# Question about the lower bound for $k \times k$-clique (under ETH) shown in “Slightly Superexponential Parameterized Problems”

I am reading the paper Slightly Superexponential Parameterized Problems at the moment and have two questions about it:

First question: The paper gives a proof of the following statement

Theorem 2.1: Assuming ETH, there is no $$2^{o(klogk)}$$ time algorithm for $$k \times k$$-Clique.
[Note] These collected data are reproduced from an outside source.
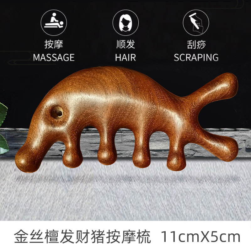 • 골드 와이어 지방 손 백단향 마사지 빗
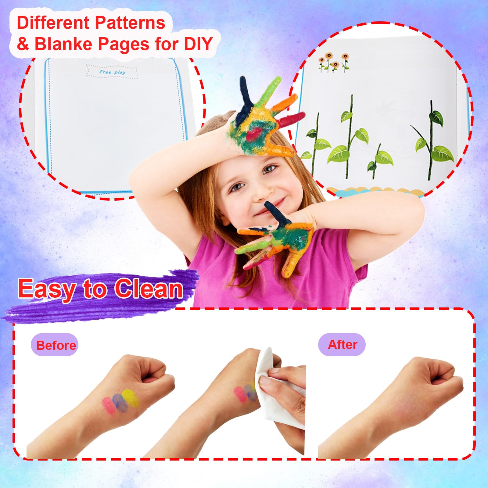 Easy To Clean:toddler paint are easy to clean up,just use the wet tissue wipe. No need to worry that washable finger paint for toddlers will not be washed off if it gets on the body
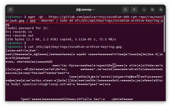 Then, you may verify by cat /etc/apt/keyrings/vscodium-archive-keyring.gpg. It should output un-readable text.

They prove this statement by sophisticated reduction from $$3$$-coloring. They then state that this construction runs in time polynomial in $$k$$. They state:

The graph $$G$$ has $$k^2$$ vertices and the time required to construct G is polynomial in $$k$$. […] Therefore, the total running time is $$2^{o(k \log(k)} \cdot k^{O(1)}$$

Why is this not $$2^{o(k \log(k)}) + k^{O(1)}$$ instead? As far as I can see, we have only have to construct the graph once, and then we can run the presumed $$2^{o(k \log(k)}$$ algorithm.

Second question: From this theorem, it follows that $$k \times k$$-Clique can not have a $$k^{o(k)}$$ algorithm under the Exponential Time Hypothesis. This follows from the abstract, which states that $$k^{O(k)} = 2^{O(k \log(k))}$$. What is a good way to proof this statement?